How to Calculate Standard Deviation in Python

Here's a quick script for calculating standard deviation in Python without downloading external libraries. It was an exercise while working on the R page in the wiki. Please leave a comment below, if you can suggest improvements.
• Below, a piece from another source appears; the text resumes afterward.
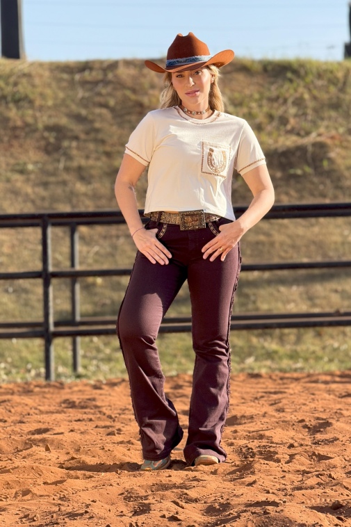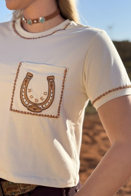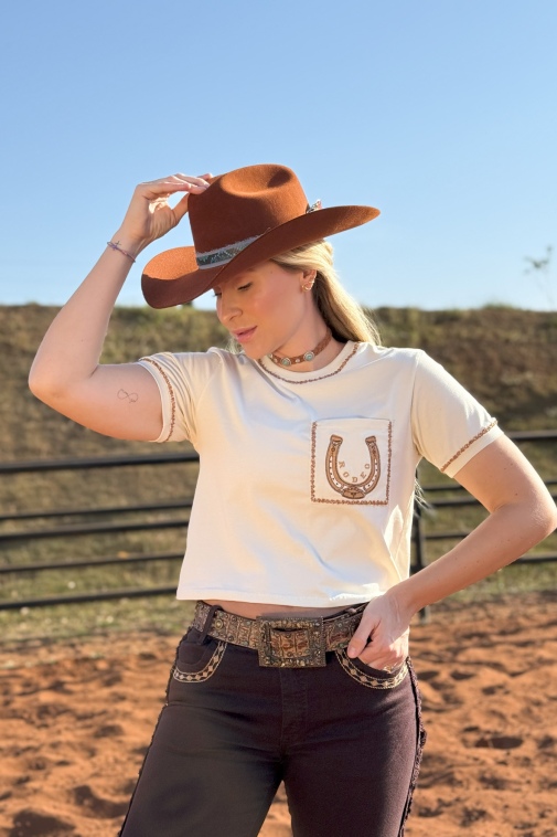T-Shirt Feminina Cropped Bordada

  1. from math import sqrt
  2.  
  3.  
  4. def standard_deviation(lst, population=True):
  5. """Calculates the standard deviation for a list of numbers."""
  6. num_items = len(lst)
  7. mean = sum(lst) / num_items
  8. differences = [x - mean for x in lst]
  9. sq_differences = [d ** 2 for d in differences]
  10. ssd = sum(sq_differences)
  11.  
  12. # Note: it would be better to return a value and then print it outside
  13. # the function, but this is just a quick way to print out the values along
  14. # the way.
  15. if population is True:
  16. print('This is POPULATION standard deviation.')
  17. variance = ssd / num_items
  18. else:
  19. print('This is SAMPLE standard deviation.')
  20. variance = ssd / (num_items - 1)
  21. sd = sqrt(variance)
  22. # You could `return sd` here.
  23.  
  24. print('The mean of {} is {}.'.format(lst, mean))
  25. print('The differences are {}.'.format(differences))
  26. print('The sum of squared differences is {}.'.format(ssd))
  27. print('The variance is {}.'.format(variance))
  28. print('The standard deviation is {}.'.format(sd))
  29. print('--------------------------')
  30.  
  31.  
  32. s = [98, 127, 133, 147, 170, 197, 201, 211, 255]
  33. standard_deviation(s)
  34. standard_deviation(s, population=False)

Output:

  1. This is POPULATION standard deviation.
  2. The mean of [98, 127, 133, 147, 170, 197, 201, 211, 255] is 171.0.
  3. The differences are [-73.0, -44.0, -38.0, -24.0, -1.0, 26.0, 30.0, 40.0, 84.0].
  4. The sum of squared differences is 19518.0.
  5. The variance is 2168.6666666666665.
  6. The standard deviation is 46.56894530335282.
  7. --------------------------
  8. This is SAMPLE standard deviation.
  9. The mean of [98, 127, 133, 147, 170, 197, 201, 211, 255] is 171.0.
  10. The differences are [-73.0, -44.0, -38.0, -24.0, -1.0, 26.0, 30.0, 40.0, 84.0].
  11. The sum of squared differences is 19518.0.
  12. The variance is 2439.75.
  13. The standard deviation is 49.393825525059306.
  14. --------------------------
Sun, 2016-07-17 18:42
Offline
Joined: 9 months 2 weeks ago

losing precision


I was doing my own program for calculating (sample)standard deviation and ended with similar code:

for i in lst:
aux += ((i-mean)**2)

However, this seems to lose precision, and your solution give more accurate results

differences = [x - mean for x in lst]
sq_differences = [d ** 2 for d in differences]
ssd = sum(sq_differences)

Why is that separating the operations gives different results?

Fri, 2016-08-12 21:30
Offline
Joined: 2 years 1 month ago

I not sure. Could you post


I not sure. Could you post your complete function? You could put a print statement in there to see what the values are. Or run them on pythontutor.com to compare.